DATA TO PROCESS Start Marker

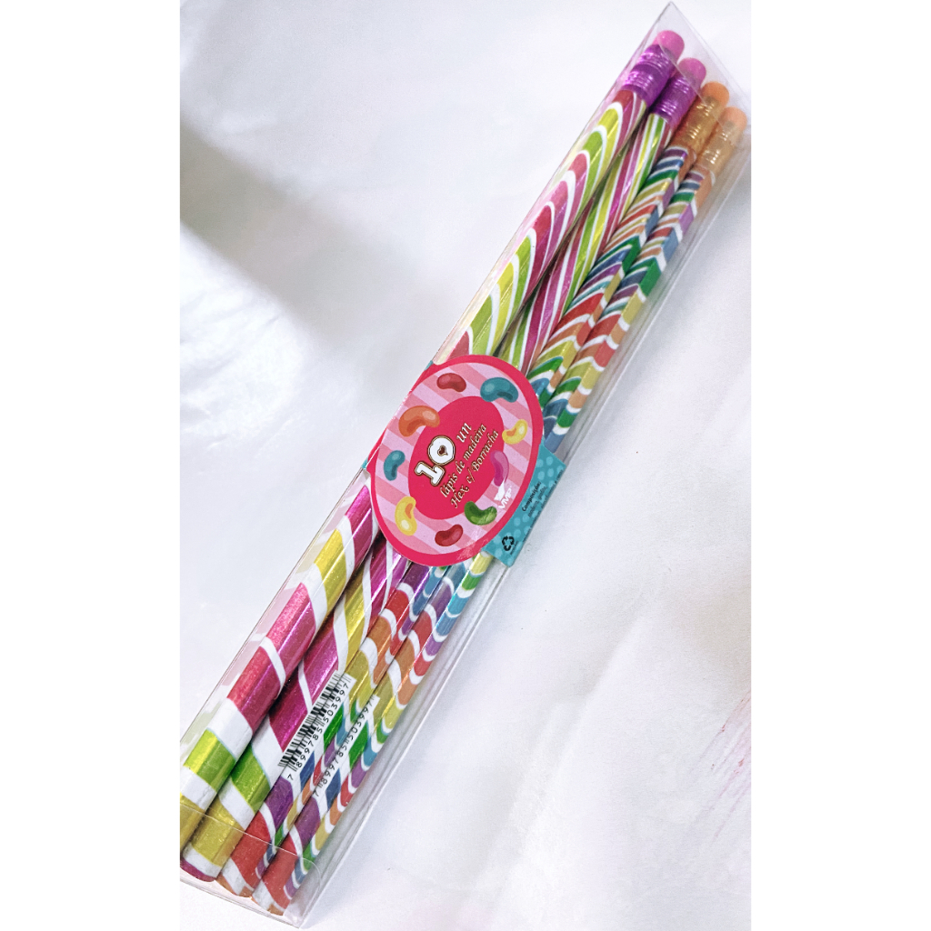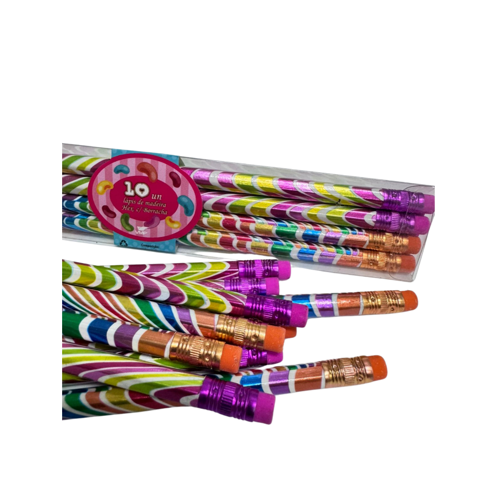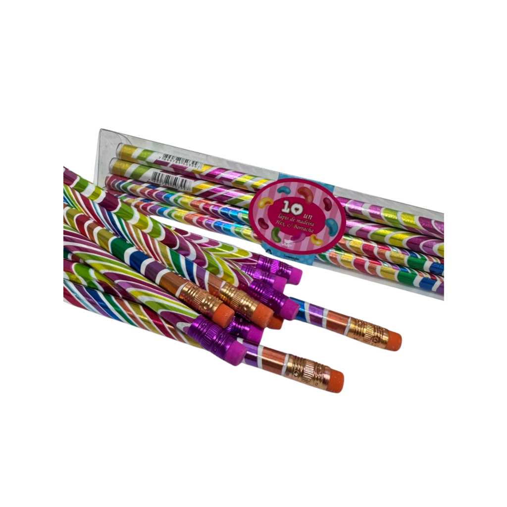 Lápis Grafite Preto Madeira Com Borracha Kit Com 10 Lolipop Escolar Escritório Colorido
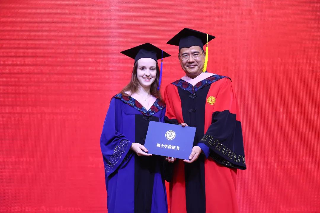 Professor Lu Yang, Director of Graduate Studies, announced the list of graduates. Dean Dong Qiang and Associate Dean Fan Shiming conferred diplomas to the graduates attending the ceremony and turned their tassels. Warm applause carried all the best wishes.
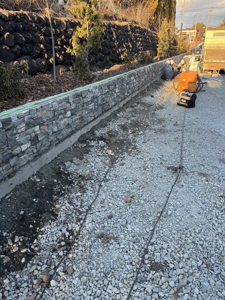 7時30分から17時、DHS様邸、石張り、目地、13m(7m2)、黒土1台搬入、タマリュウ植栽
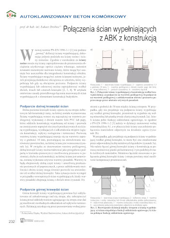 W nowej normie PN-EN 1996-1-1 [1] nie podano „jawnej” definicji ściany wypełniającej, dokonując jedynie podziału na ściany nośne i ściany nienośne. Zgodnie z eurokodem za ściany nośne uważa się ściany zaprojektowane do przenoszenia obciążenia użytkowego oprócz ciężaru własnego, natomiast ścianami nienośnymi nazwano ściany, które mogą być usunięte bez uszczerbku dla integralności konstrukcji obiektu. Ściany wypełniające mogą być zatem ścianami nośnymi, jeżeli przejmują dodatkowe obciążenia ze szkieletu, który wypełniają lub gdy są obciążone poziomo. Podparcie ściany wypełniającej lub osłonowej można zaprojektować wzdłuż dwóch, trzech lub czterech krawędzi [2, 3, 4]. W artykule omówiono zasady prawidłowego łączenia murowanych ścian wypełniających z elementami konstrukcji budynków.
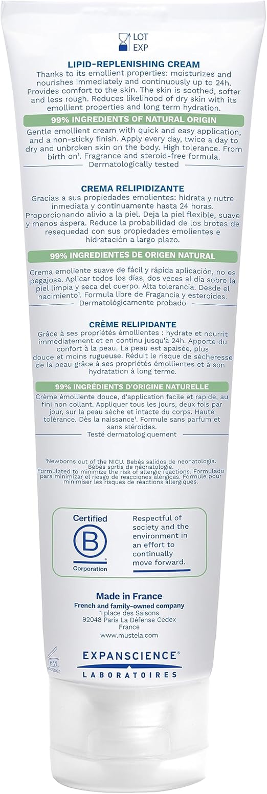 Discover the ultimate relief for very dry to eczema-prone skin with Mustela Stelatopia+ Lipid-Replenishing Cream. This advanced formula is specifically designed to soothe, nourish, and protect delicate skin, providing intense and long-lasting hydration. Clinically proven to reduce severe dryness and itching, it works to restore the skin's natural barrier and minimize flare-ups, ensuring comfort for your little one and peace of mind for you.
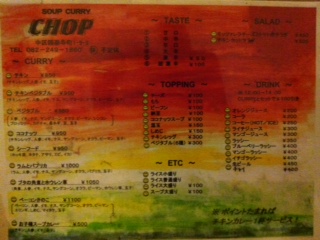 さて、昨日ご紹介いたしましたスープカレーのCHOPさんですが、お昼においしいチキンスープカレーをいただいた余波がきまして、、、、なんと夜にもう一度再訪してしまいました!お店の方は気づいていらっしゃったようですが、、、、(笑)

DATA TO PROCESS End Marker

Word for word, restate the lines from the line with "Discover the ultimate" through the last line of the entries, and nothing beyond them. Omit pictures.

FINISHED TASK =>
 Discover the ultimate relief for very dry to eczema-prone skin with Mustela Stelatopia+ Lipid-Replenishing Cream. This advanced formula is specifically designed to soothe, nourish, and protect delicate skin, providing intense and long-lasting hydration. Clinically proven to reduce severe dryness and itching, it works to restore the skin's natural barrier and minimize flare-ups, ensuring comfort for your little one and peace of mind for you.
 さて、昨日ご紹介いたしましたスープカレーのCHOPさんですが、お昼においしいチキンスープカレーをいただいた余波がきまして、、、、なんと夜にもう一度再訪してしまいました!お店の方は気づいていらっしゃったようですが、、、、(笑)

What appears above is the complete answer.